*** Begin section ***

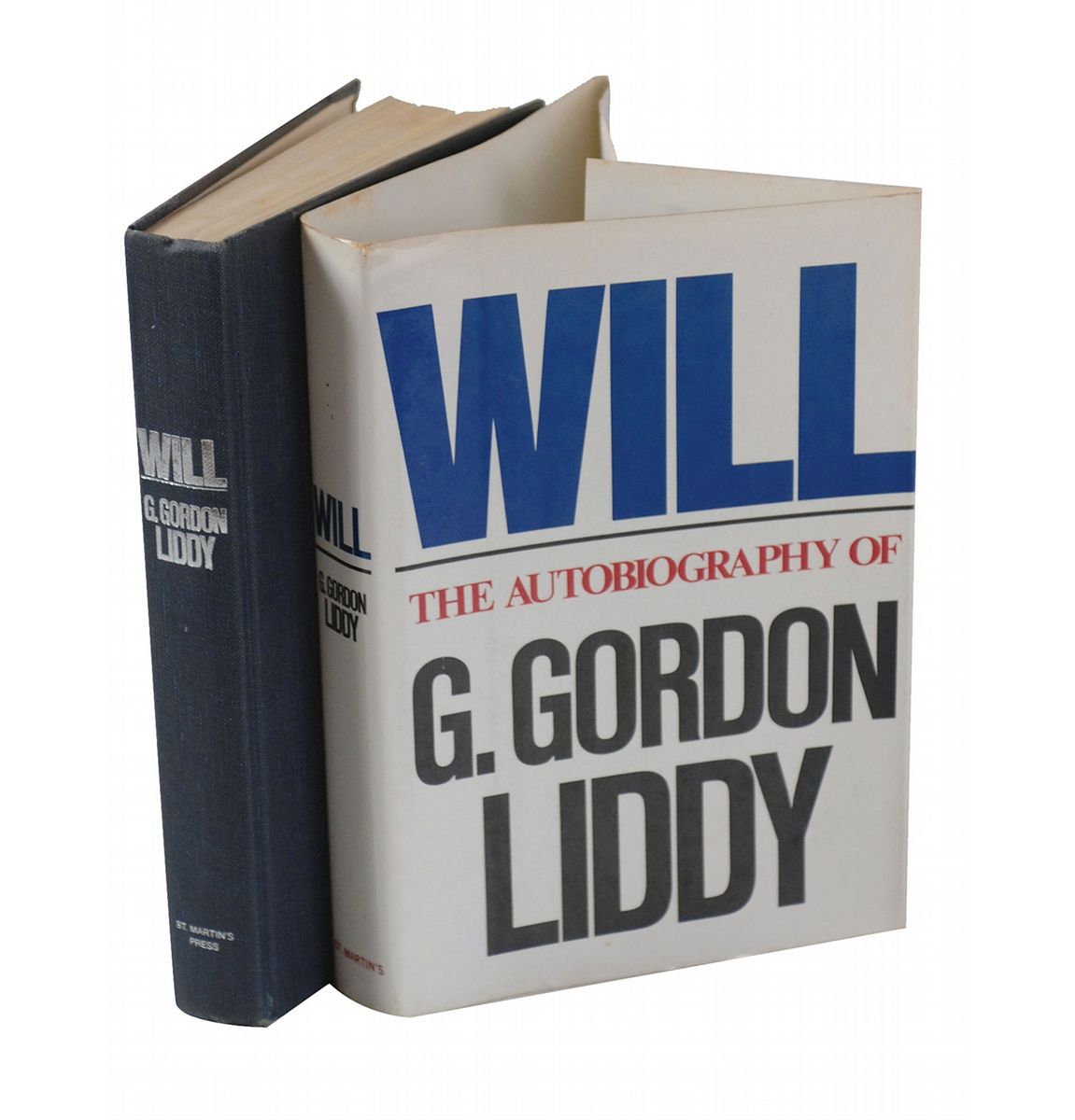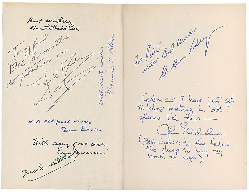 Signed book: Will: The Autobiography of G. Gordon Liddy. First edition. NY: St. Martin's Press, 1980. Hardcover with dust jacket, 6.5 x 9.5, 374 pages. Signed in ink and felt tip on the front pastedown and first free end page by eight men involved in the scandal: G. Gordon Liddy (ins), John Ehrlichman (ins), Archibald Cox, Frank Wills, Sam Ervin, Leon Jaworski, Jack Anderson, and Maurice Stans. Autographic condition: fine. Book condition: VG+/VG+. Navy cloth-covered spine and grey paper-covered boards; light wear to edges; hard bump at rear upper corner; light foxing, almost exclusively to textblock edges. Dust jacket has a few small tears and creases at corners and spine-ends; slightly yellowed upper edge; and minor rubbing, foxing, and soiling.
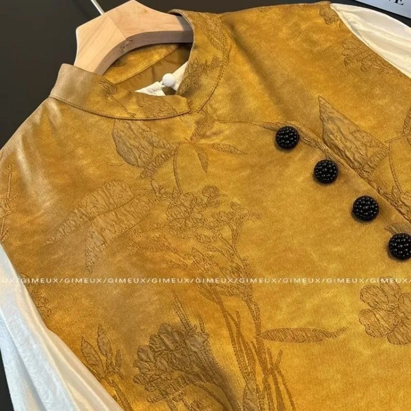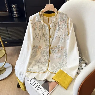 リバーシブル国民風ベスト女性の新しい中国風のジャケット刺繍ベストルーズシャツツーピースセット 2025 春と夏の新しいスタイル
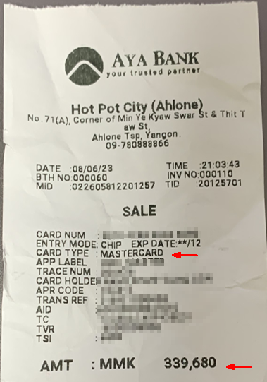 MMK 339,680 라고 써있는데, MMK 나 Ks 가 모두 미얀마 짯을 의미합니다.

*** End section ***

EXERCISE GOAL:
Leaving every picture out, write out exactly the lines from the one that holds "リバーシブル国民風ベスト女性の新しい中国風のジャケット刺繍ベストルーズシャツツーピースセット 2025 春と夏の新しいスタイル" through the end of the listing, both included.

TASK ANSWER:
 リバーシブル国民風ベスト女性の新しい中国風のジャケット刺繍ベストルーズシャツツーピースセット 2025 春と夏の新しいスタイル
 MMK 339,680 라고 써있는데, MMK 나 Ks 가 모두 미얀마 짯을 의미합니다.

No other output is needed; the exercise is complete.